The support that GroFin has received from CDC since 2004 is evidence of an initiative that is directly aligned to the CDC objective :

- To invest in the creation and growth of viable private businesses in poorer developing countries;

- To contribute to economic growth for the benefit of the poor; and;

- And to mobilise private investment in these markets both directly and by demonstrating profitable investments.

CDC’s support for GroFin and growth finance

In the following paragraphs, more detail will be given in support of this statement detailing the contribution CDC has made to date and why we believe CDC should continue to support initiatives such as GroFin and growth finance funds.

GroFin was established to address the need that exists in the market for the development of an SME focused value add financier model that addresses the finance and business support needs of small (not micro) businesses and entrepreneurs.
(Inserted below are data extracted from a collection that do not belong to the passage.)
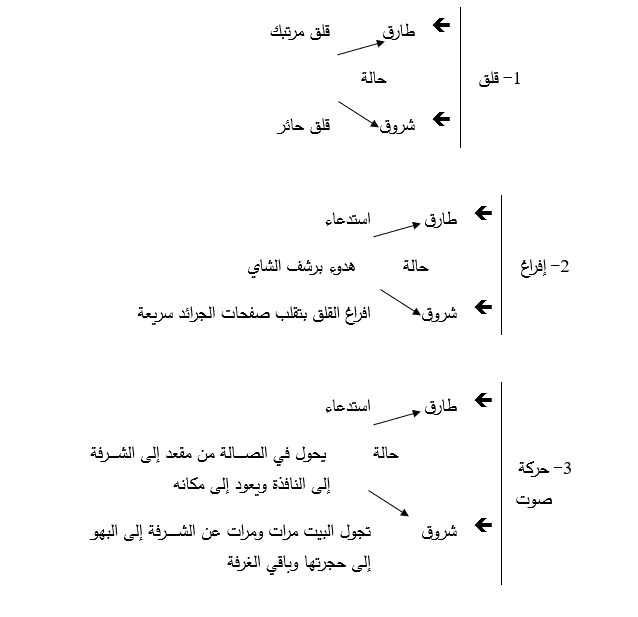 كما تنحو الكاتبة إلى استثمار (تقنيات تيار الوعي) في استدعاء مكان بهيجة الأول البحر ومن ثم تفسح أفق التداعي لاستيعاب التفاصيل الأكثر تعبيرًا عن الوجدان البحري واستظهار جدله الذهني في مفردات الحياة اليومية البسيطة التي تَنُّم عن معنى أبلغ تأكيدًا على نزوع تلك الشامية إلى كل ما يجعل إلى دفئها العائلي وحمى رابطة الأمومة الذي يخترقه منفى أم صالح عندما تسترجع ذاكرتها فصولاً من ذلك التنافر الضدي بين وجداني (البحر والصحراء) في صيغ مظهرية بسيطة تنطلق من أعماق نفسية دفَّاقة (مازالت تذكر بحرقة مرطبانات المكدوس والزيتون المعقود التي كانت تصلها من الشام من أمها بين فينة وأخرى فتصفها على الرف الخارجي لغرفتها فتقوم أم صالح بالتخلص منها بحجة أنها تفسد الممر برائحة الثوم”([24]).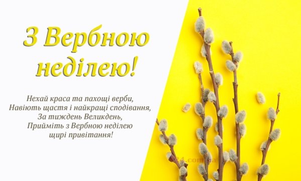 Сьогодні я вітаю тебе з Вербною неділею! Нехай з гілочкою верби твій будинок наповниться світлим щастям, новими надіями, теплою атмосферою любові та взаєморозуміння! Нехай мир та злагода завжди панують у твоєму домі!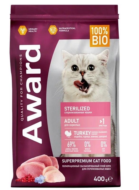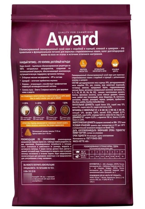 Добавки на 1кг: таурин 0,22%, L-карнитин 150 мг, Омега-3 - 0,5%, Омега-6 - 2%.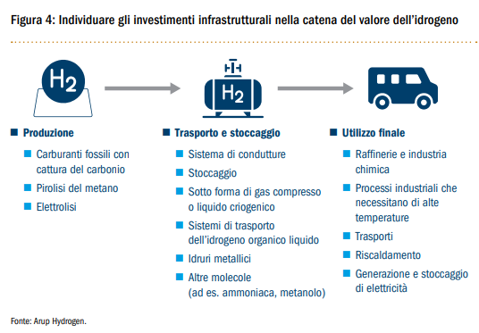 Di recente sono state effettuate due acquisizioni importanti: quella del produttore canadese di elettrolizzatori Hydrogenics per USD 290 milioni da parte dell’azienda energetica Cummins, e la quota di maggioranza rilevata da MAN Energy Solutions nel produttore tedesco di elettrolizzatori H-TEC Systems per una cifra non divulgata. Inoltre, stiamo cominciando a veder confluire investimenti più rischiosi nelle startup in fase iniziale dedite alla produzione di idrogeno non da elettrolisi. Il finanziamento dello sviluppo di progetti di questo tipo e dei servizi di integrazione potrebbe segnalare la maturazione del settore L’Hydrogen Council stima che gli investimenti totali nella filiera dell’idrogeno potrebbero superare la cifra di USD 300 miliardi entro il 2030 e, stando alla Energy Transitions Commission, raggiungere circa USD 15.000 miliardi entro il 2050. Ciò dimostra tanto l’esigenza quanto l’opportunità di far confluire investimenti privati nella catena del valore (Figura 4).

The GroFin business model was conceptualised and brought to market by Jurie Willemse, founder of GroFin, with the support of the Shell Foundation in 2003. Shell Foundation supports the development of commercially scale-able, replicable and sustainable models that addresses key development challenges.

GroFin acts as a financier and support provider to entrepreneurs, increasing the ability of SME's to succeed with a solution that extends beyond finance. Their support lies in the provision of access to GroFin’s expertise for the duration of the finance relationship. This solution-based approach is necessary to address the high failure rate that keeps commercial investors and financiers from serving the needs of this enterprise segment.
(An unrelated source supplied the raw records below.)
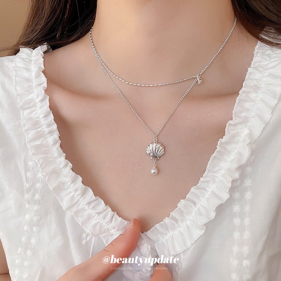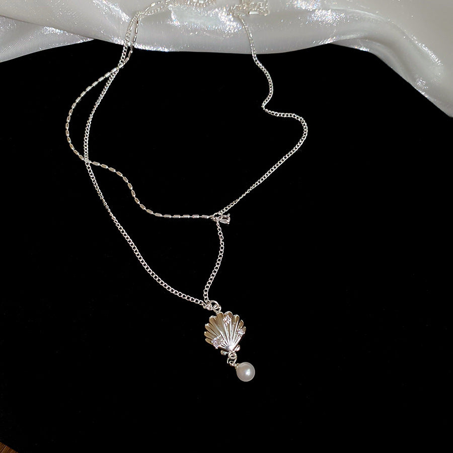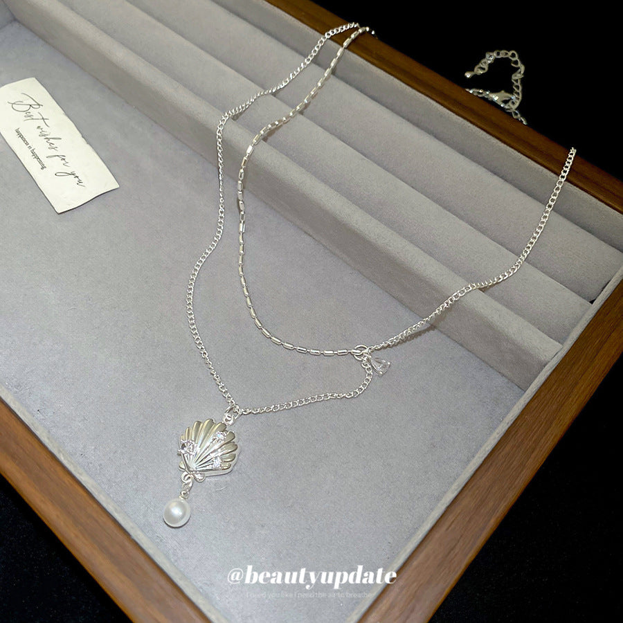 A廠【HN9121】鋯石珍珠貝殼雙層項鍊時尚簡約小眾設計感鎖骨鏈輕奢高級感項鍊女 25.06-3
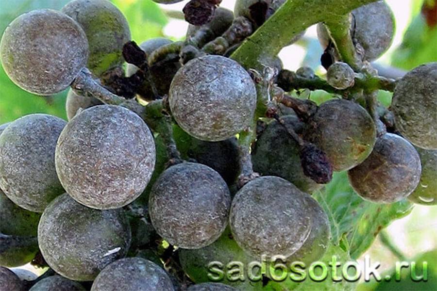 Потеря листьев ослабляет виноградный куст и снижает вкусовые качества ягод. Молодые ягоды также покрываются налетом, буреют и пропадают. Если куст заболел позже – в период роста ягод, то споры на них не образуются, но зараженные ягоды синеют и сморщиваются. У зрелых ягод появляются вдавленные бледные пятна возле плодоножки. Они сохнут и опадают.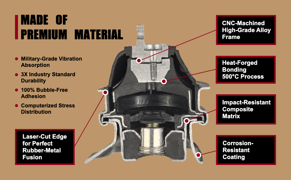 【Premium Quality】Superior materials are utilized along with rigorous quality control standards to meet OE standar.Our high quality steel and rubber ensures a smooth and quiet ride.All parts are tested during the manufacturing process to ensure proper management of engine torque and dampening of excess noise and vibration.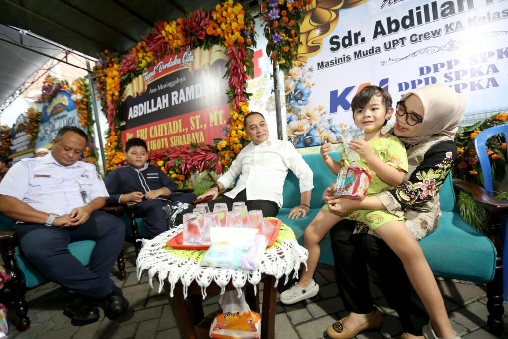 Surabaya 10 April 2025 | Draft Rakyat Newsroom – Wali Kota Surabaya Eri Cahyadi bersama istrinya Rini Indriyani takziah ke kediaman korban kecelakaan kereta api dengan truk bermuatan kayu, Abdilah Ramdan, Kamis, (10/4/2025) sore. Dalam kesempatan itu, Wali Kota Eri Cahyadi turut didampingi oleh Camat Semampir, M. Yunus, Executive Vice President (EVP) KAI Daop 8 Surabaya, Wisnu Pramudyo, serta keluarga besar almarhum Abdilah Ramdan.

GroFin and Shell Foundation approached CDC in 2004 to explore a possible partnership in pioneering a new solution for the ‘missing middle’. Prior to GroFin’s inception, the market experienced a void of solid, scalable business models that can effectively address the needs of these entrepreneurs in nearly all developing countries. For a long period of time, banks with the assistance of IFIs, DFIs and others, tried to address the needs but with no success, as secured bank finance without business support could not address the market need. Private Equity was already well developed, but lacks the ability to serve the $2m market segment. Microfinance, although flexible and development orientated, is restricted to supporting individuals and small entities. Venture Capital offers the seed funding so desperately needed by start-up businesses lacking a track record, but is confined to an early stage, high growth business models that can easily be scaled. The market needed a new solution and the key was in developing a new intermediary model able to effectively serve the needs of entrepreneurs and channel large sums of monies from investors.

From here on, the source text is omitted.